> [Dataset content]
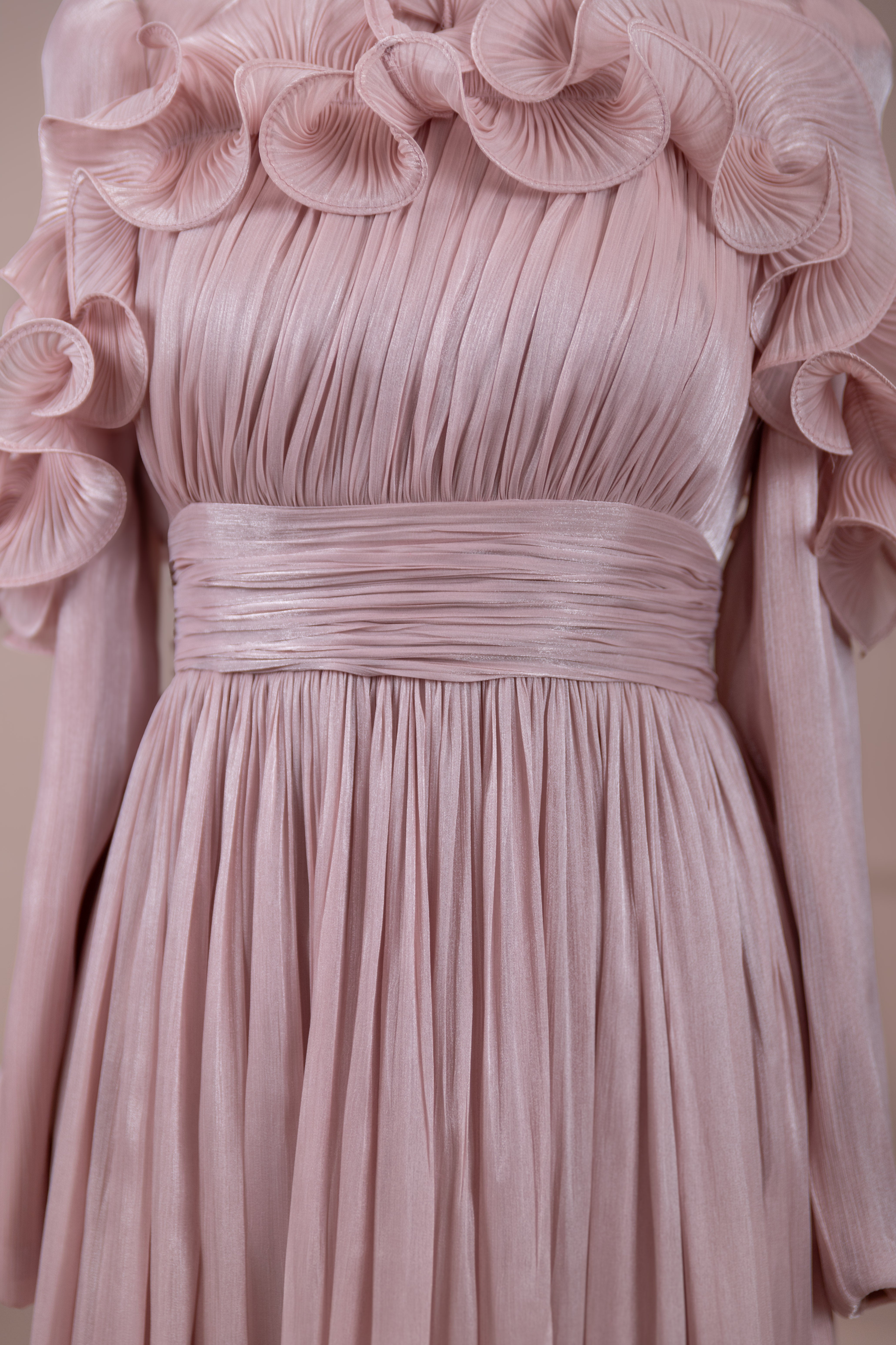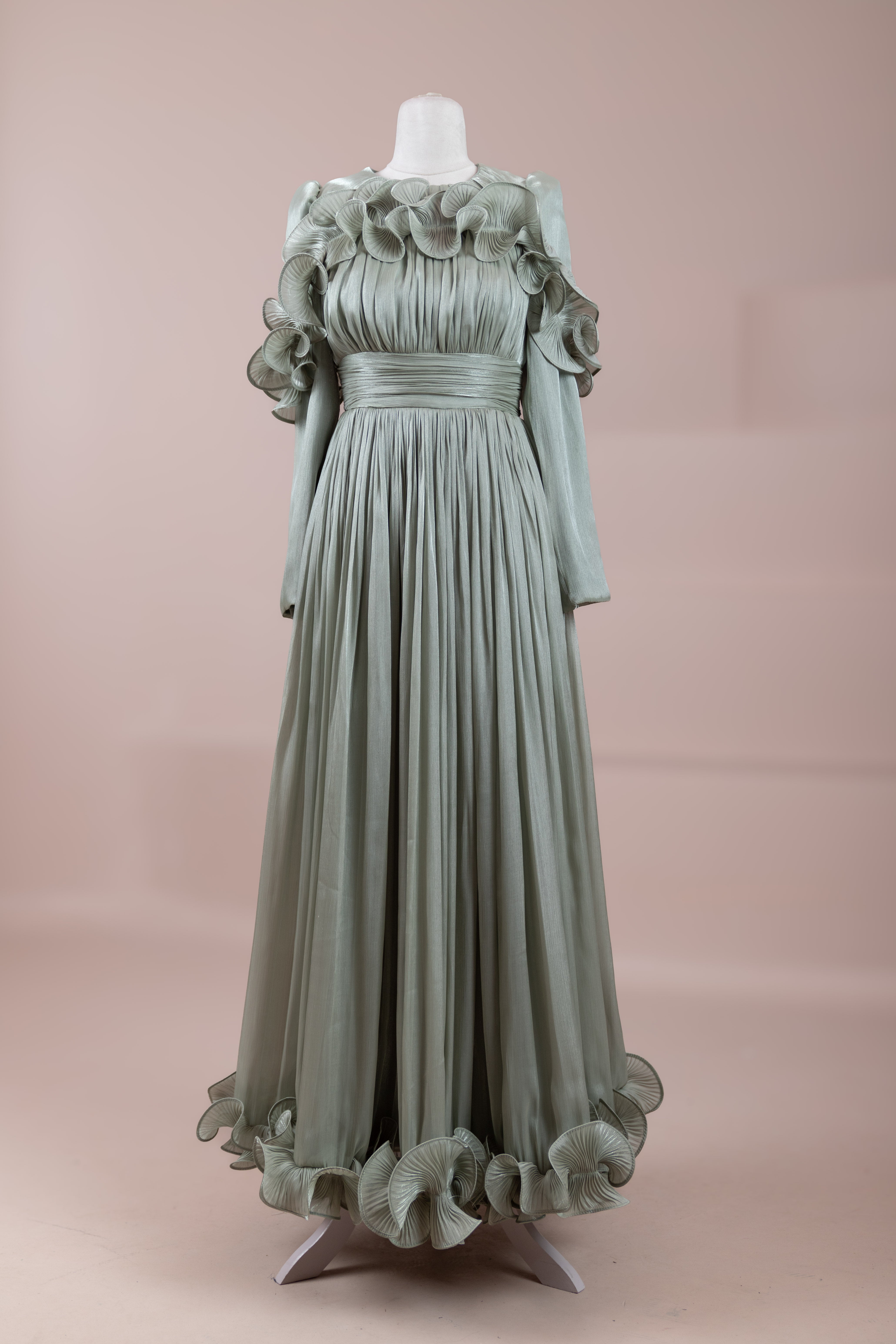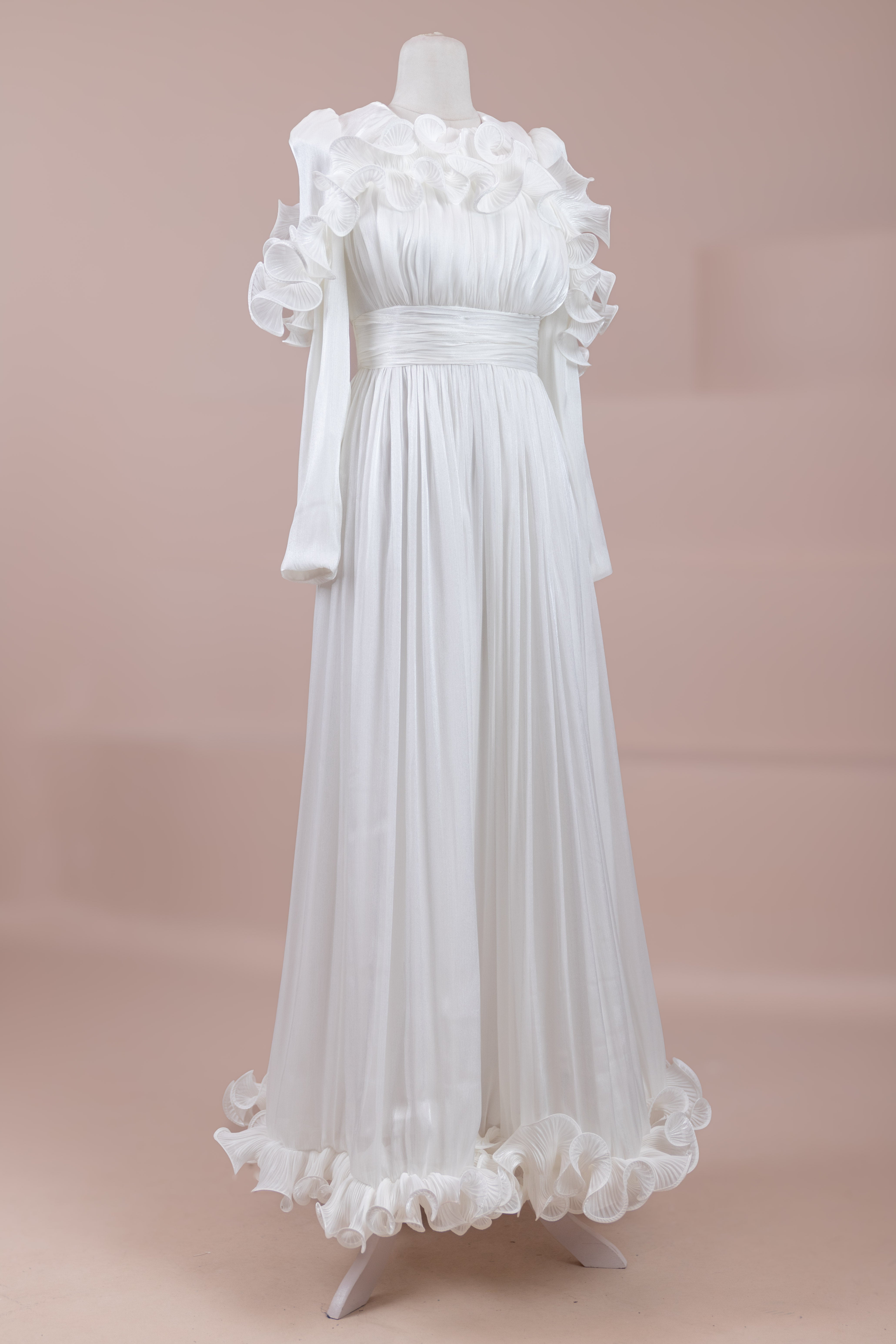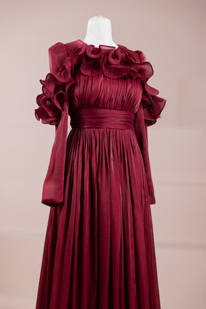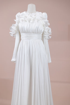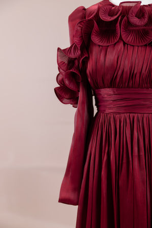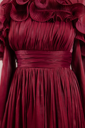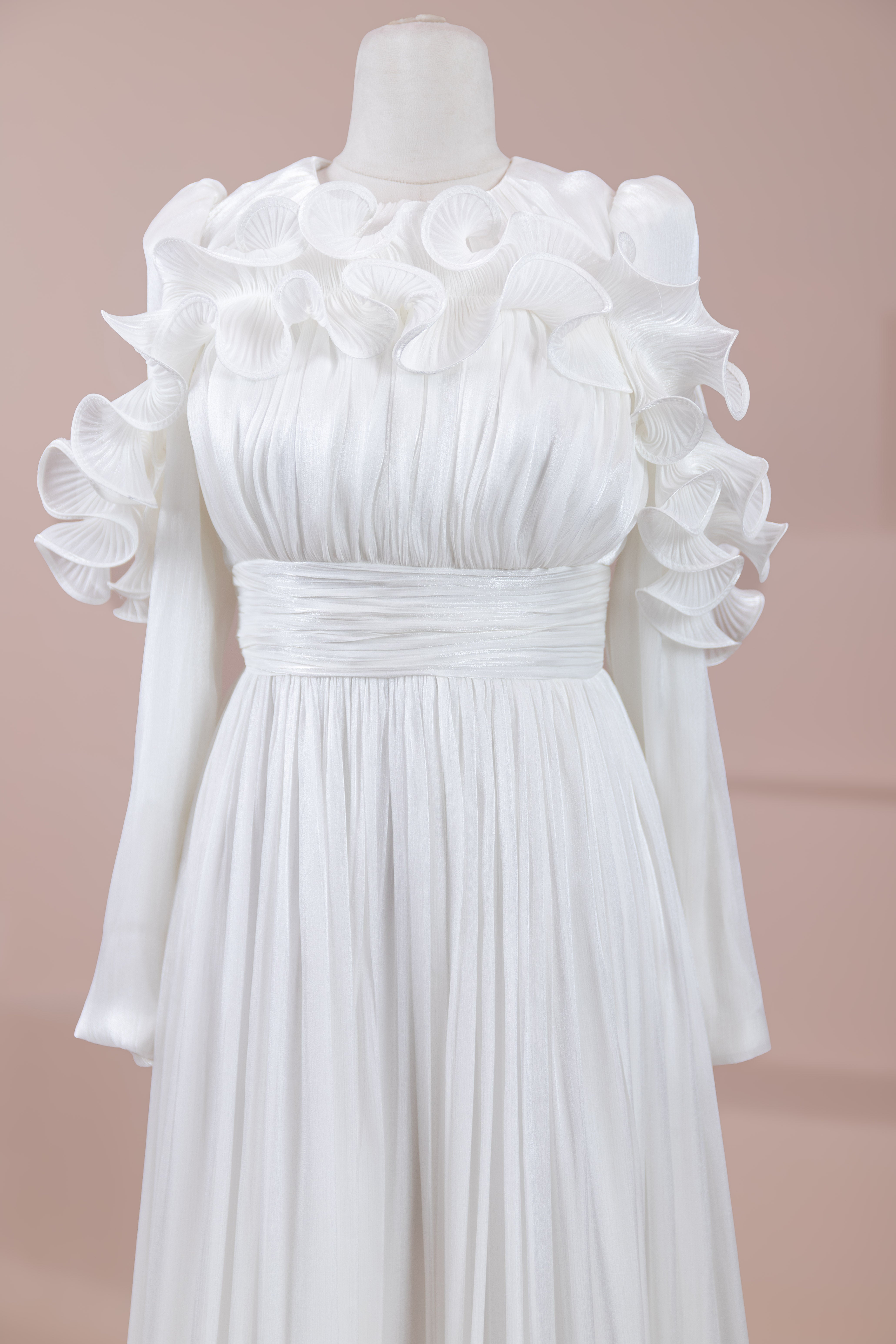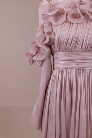 This design, highlighted by its romantic and voluminous details, creates an elegant silhouette thanks to its high waist cut. The upper body features fine pleating, while the belt form at the waist ensures a balanced fit on the body. Ruffle details on the shoulders and skirt edges add a three-dimensional and couture character to the design. The long and flowing skirt form presents a strong stance with movement.
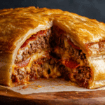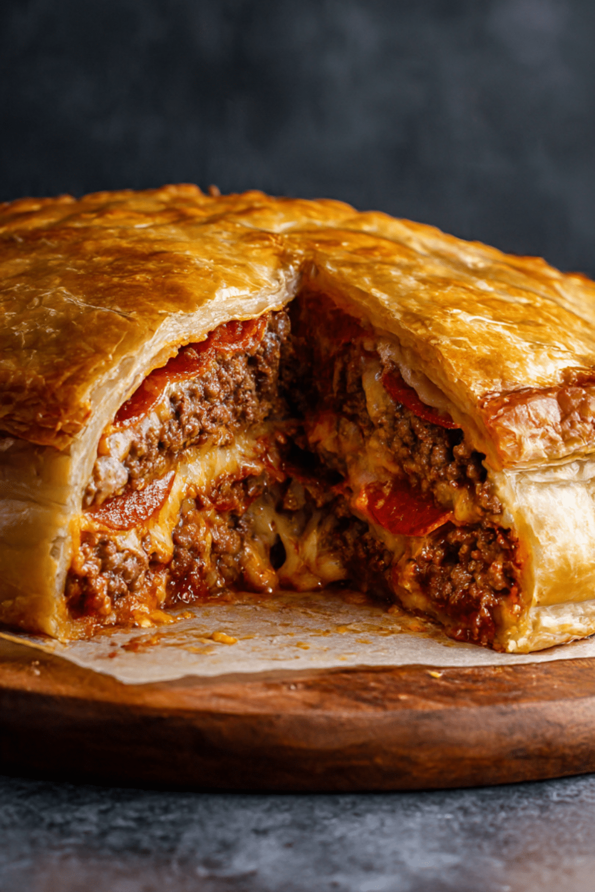 A cheesy, savory fusion of pizza and burgers wrapped in golden puff pastry. This Pizza Burger Pie is hearty, comforting, and packed with flavor.
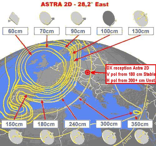 Zo skúseností s príjmom družice Astra 2D ,uvažujem len TP vo V polarizácii lebo pre prenosy vysielané v H pol.platia iné pravidlá,môžem potvrdiť že veľká časť územia západoslovenského kraja ešte nespadá so plochy POSTRANNÉHO LALOKU - SIDELOBU - pre V pol, v ktorej sa nachádza celý stred a východ Slovenska... , čo znamená že stabilný príjem ITV a BBC okruhov nie je možný s udávaným priemerom 200 cm,kvôli minimálnej signálnej kvalite,aj keď ako konkrétne popisujem vo vyššie menovanej práci jedinou objektívnou metódou na overenie dostupnosti-resp.možnosti príjmu Astry 2D je jednoducho nesmerovať RX sat.zostavu so zaručeným ziskom-ekvivalentným k danému priemeru napr.240 cm a jednoznačne definovať možnosť alebo nemožnosť identifikácie signálnej kvality V pol. prenosov BBC a ITV v analyzovanom spektre - lebo PLATÍ TU PRAVIDLO ,ktoré sa mi aj v praxi potvrdilo že s plošnými vzdialenosťami iba 10-desiatky kilometrov , môže narásť rep.poklesnúť dostupná signálna kvalita aj o 2 dB z MER napr. na TP 46 na f=10 788 MHz-PLATÍ LEN PRE TRANSPONDÉRY VYSIELANÉ VO VERTIKÁLNEJ POLARIZÁCII .

> [Exercise requirements]
The copy must match every line of the data exactly and contain no pictures.

> [Expected output]
 This design, highlighted by its romantic and voluminous details, creates an elegant silhouette thanks to its high waist cut. The upper body features fine pleating, while the belt form at the waist ensures a balanced fit on the body. Ruffle details on the shoulders and skirt edges add a three-dimensional and couture character to the design. The long and flowing skirt form presents a strong stance with movement.
 A cheesy, savory fusion of pizza and burgers wrapped in golden puff pastry. This Pizza Burger Pie is hearty, comforting, and packed with flavor.
 Zo skúseností s príjmom družice Astra 2D ,uvažujem len TP vo V polarizácii lebo pre prenosy vysielané v H pol.platia iné pravidlá,môžem potvrdiť že veľká časť územia západoslovenského kraja ešte nespadá so plochy POSTRANNÉHO LALOKU - SIDELOBU - pre V pol, v ktorej sa nachádza celý stred a východ Slovenska... , čo znamená že stabilný príjem ITV a BBC okruhov nie je možný s udávaným priemerom 200 cm,kvôli minimálnej signálnej kvalite,aj keď ako konkrétne popisujem vo vyššie menovanej práci jedinou objektívnou metódou na overenie dostupnosti-resp.možnosti príjmu Astry 2D je jednoducho nesmerovať RX sat.zostavu so zaručeným ziskom-ekvivalentným k danému priemeru napr.240 cm a jednoznačne definovať možnosť alebo nemožnosť identifikácie signálnej kvality V pol. prenosov BBC a ITV v analyzovanom spektre - lebo PLATÍ TU PRAVIDLO ,ktoré sa mi aj v praxi potvrdilo že s plošnými vzdialenosťami iba 10-desiatky kilometrov , môže narásť rep.poklesnúť dostupná signálna kvalita aj o 2 dB z MER napr. na TP 46 na f=10 788 MHz-PLATÍ LEN PRE TRANSPONDÉRY VYSIELANÉ VO VERTIKÁLNEJ POLARIZÁCII .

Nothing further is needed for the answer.